Semuanya ini dilakukan hanya untuk kepentingan pribadi, kelompok atau partai tertentu. Di banyak tempat pesta demokrasi itu sering kali berproses dan berakhir dengan konflik baik horizontal (di antara pribadi, keluarga keluarga, kelompok-kelompok masyarakat, antar partai) maupun konflik vertikal yang berkepanjangan sehingga memakan waktu dan biaya mahal dalam penyelesaian permasalahan terkait pemilu.
“Persiapan dan perayaan Natal kali ini cukup menarik dan menantang karena bersamaan dengan persiapan untuk Pemilu 2024.” Ungkap Uskup.
Kita sebagai warga bangsa akan memilih para pemimpin dan wakil rakyat. Di satu sisi, perhelatan politik itu membawa kegembiraan dan sukacita: tetapi di sisi lain perhelatan itu tidak jarang menyisahkan dampak negatif seperti lahir atau munculnya beragam konflik baik horisontal maupun vertikal.
“Bagi umat Kristiani pilihan untuk terlibat dalam politik merupakan bagian dari cara untuk memuliakan Allah. Maka politik identitas dan politik uang atau bentuk-bentuk politik yang tidak mencerminkan nilai-nilai Kristiani bukanlah pilihan perjuangan politik kita.”tandasnya.

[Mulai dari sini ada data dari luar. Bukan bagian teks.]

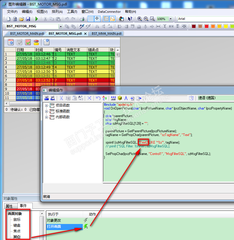 2. 在报警记录-消息-错误栏下添加报警变量,错误点填写设备名称(此处为Screw1,Screw2)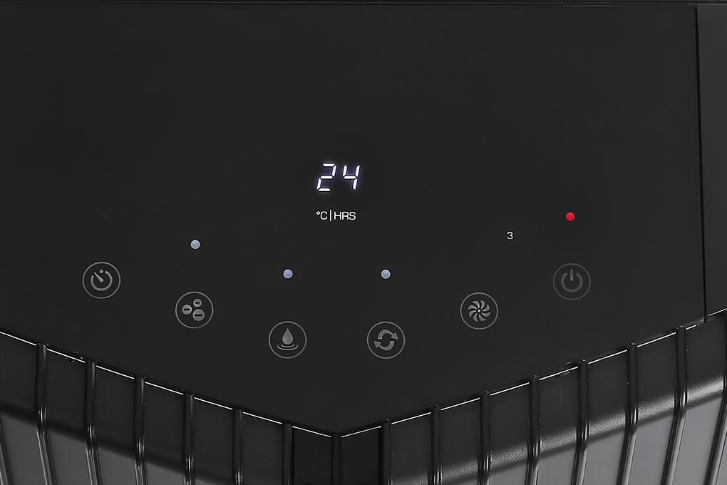 Tính năng nổi bật – 3 chế độ gió: Gió thường, gió tự nhiên và chế độ ngủ. – Chức năng phun sương điều chỉnh 3 mức. – Tạo ion âm làm sạch không khí trong phòng. – Chức năng đuổi muỗi. – Bàn phím cảm ứng linh hoạt – Mặt kính thiết kế sang trọng – Kiểu dáng sang trọng lịch sự – Nhiệt kế đo nhiệt độ phòng – Vận hành cực êm THÔNG SỐ KỸ THUẬT Điện áp 220 V / 50 Hz Công suất 90W 3 chế độ gió thường/tự nhiên/chế độ ngủ Dung tích bình chứa 2L Màn hình hiển thị chế độ thông số rõ nét Chức năng hẹn giờ và nhiệt kế đo nhiệt Bàn phím cảm ứng Điều khiển linh hoạt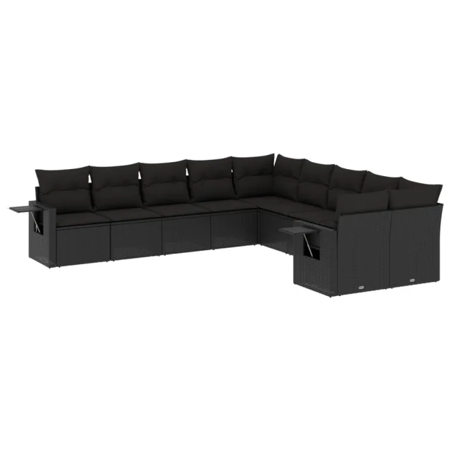 vidaXL Vrtna sedežna garnitura 10-delna z blazinami črn poli ratan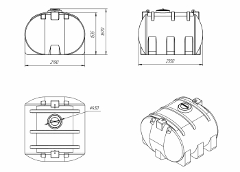 Горизонтальная емкость 6000л имеет резьбовую крышку с дыхательным клапаном, который обеспечивает абсолютную герметичность и сохранность находящихся в ней грузов.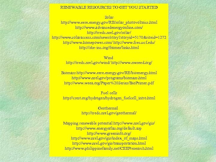 RENEWABLE RESOURCES TO GET YOU STARTED Solar http: //www. eere. energy. gov/RE/solar_photovoltaics. html http: //www. advancedenergyonline. com/ http: //rredc. nrel. gov/solar/ http: //www. solaraccess. com/news/story? storyid=5170&siteid=1272 http: //www. homepower. com/ http: //www. fsec. ucf. edu/ http: //she-inc. org/frames/links. html Wind http: //rredc. nrel. gov/wind/ http: //www. nwseed. org/ Biomass http: //www. eere. energy. gov/RE/bioenergy. html http: //www. nrel. gov/programs/biomass. html http: //www. weea. org/Paper%20 Series/Bio. Primer. pdf Fuel cells http: //crest. org/hydrogen_fuelcell_intro. html Geothermal http: //rredc. nrel. gov/geothermal/ Mapping renewable potential http: //www. nrel. gov/gis/ http: //www. energyatlas. org/default. asp http: //www. greeninfo. org/ http: //www. nrel. gov/gis/index_of_maps. html http: //www. nrel. gov/gis/transportation. html http: //www. philippinefamily. net/CEEPresearch. html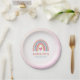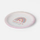 This adorable first birthday party paper plate is a fun personalised addition to any girl's celebration. This design features a cute abstract rainbow in pink, teal, gold and is accented with a pink heart.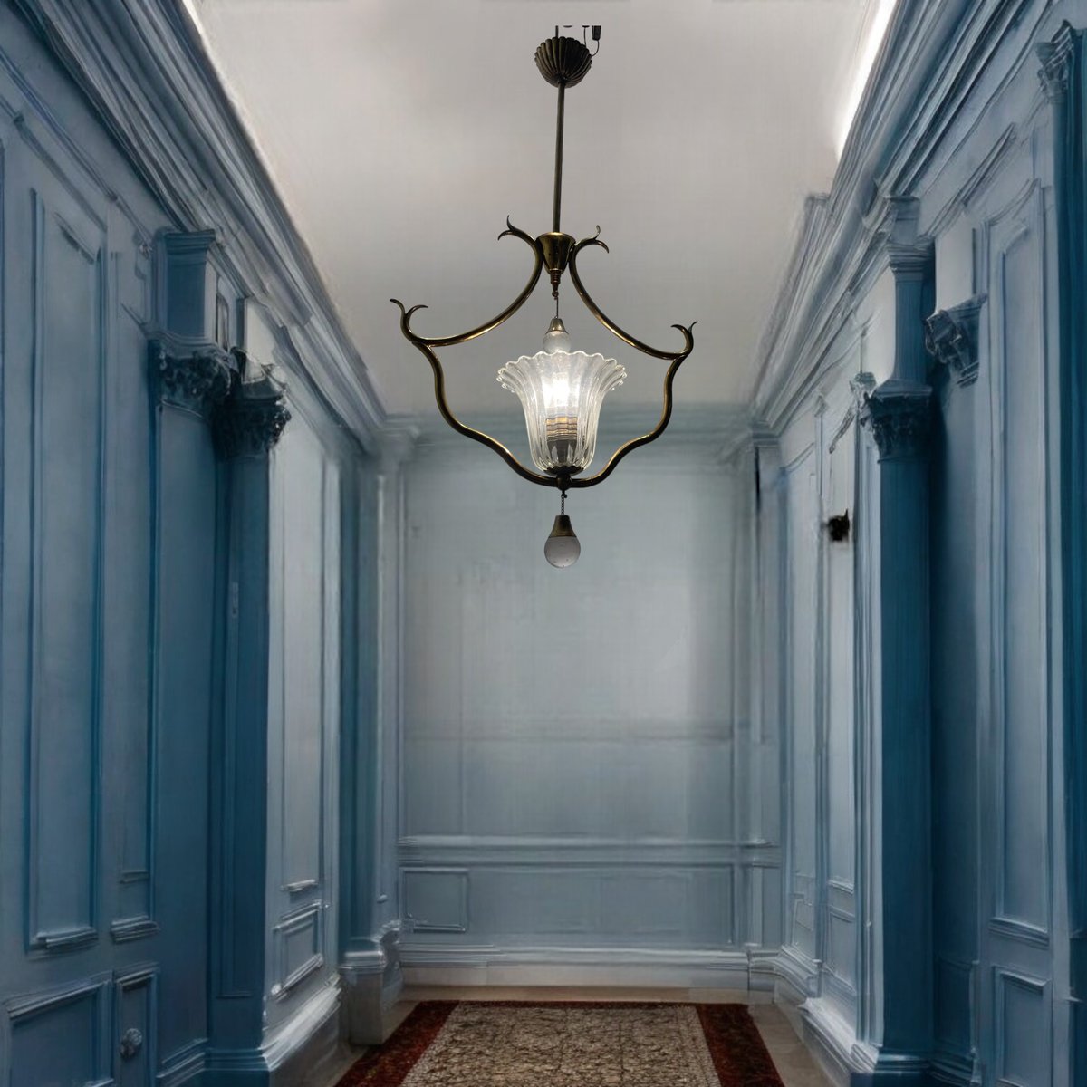 Lámpara colgante de cristal de Murano de Ercole Barovier, años 50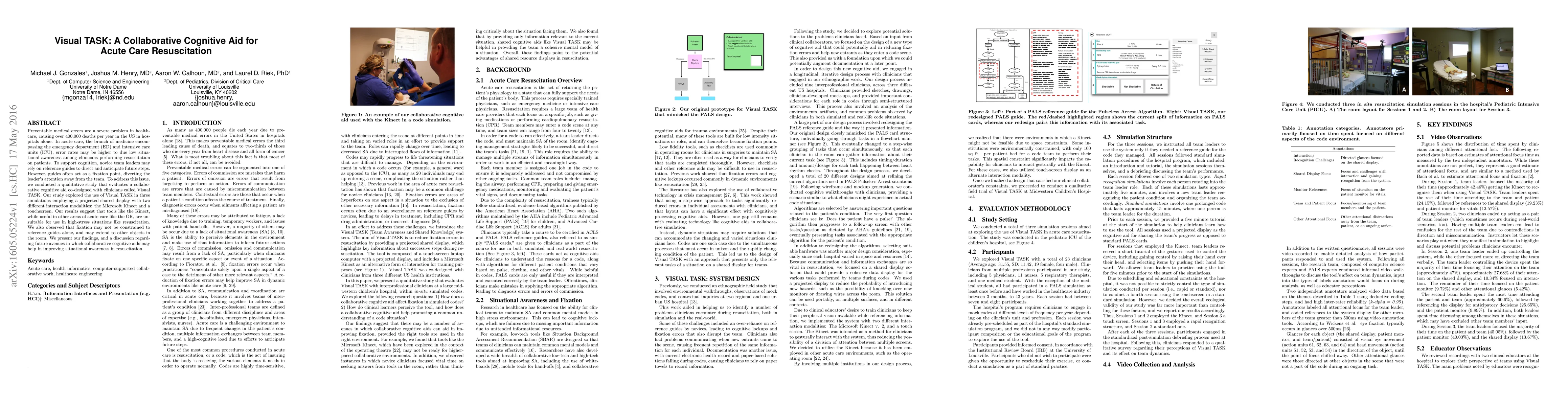 Preventable medical errors are a severe problem in healthcare, causing over 400,000 deaths per year in the US in hospitals alone. In acute care, the branch of medicine encompassing the emergency department (ED) and intensive care units (ICU), error rates may be higher to due low situational awareness among clinicians performing resuscitation on patients. To support cognition, novice team leaders may rely on reference guides to direct and anticipate future steps. However, guides often act as a fixation point, diverting the leader's attention away from the team. To address this issue, we conducted a qualitative study that evaluates a collaborative cognitive aid co-designed with clinicians called Visual TASK. Our study explored the use of Visual TASK in three simulations employing a projected shared display with two different interaction modalities: the Microsoft Kinect and a touchscreen. Our results suggest that tools like the Kinect, while useful in other areas of acute care like the OR, are unsuitable for use in high-stress situations like resuscitation. We also observed that fixation may not be constrained to reference guides alone, and may extend to other objects in the room. We present our findings, and a discussion regarding future avenues in which collaborative cognitive aids may help in improving situational awareness in resuscitation.

“Kita menolak politik kekuasaan yang menghalalkan segala cara termasuk mengorbankan rakyat dan merendahkan martabat luhur kehidupan. Semangat Natal mesti menggerakan seluruh umat Kristiani untuk terlibat secara aktif dalam menata kehidupan berbangsa yang lebih bermartabat demi mewujudkan kesejahteraan bersama. Oleh karenanya, pantaslah kalau kita mendukung perjuangan politik yang mengutamakan keadilan sosial bagi seluruh rakyat.”lanjutnya.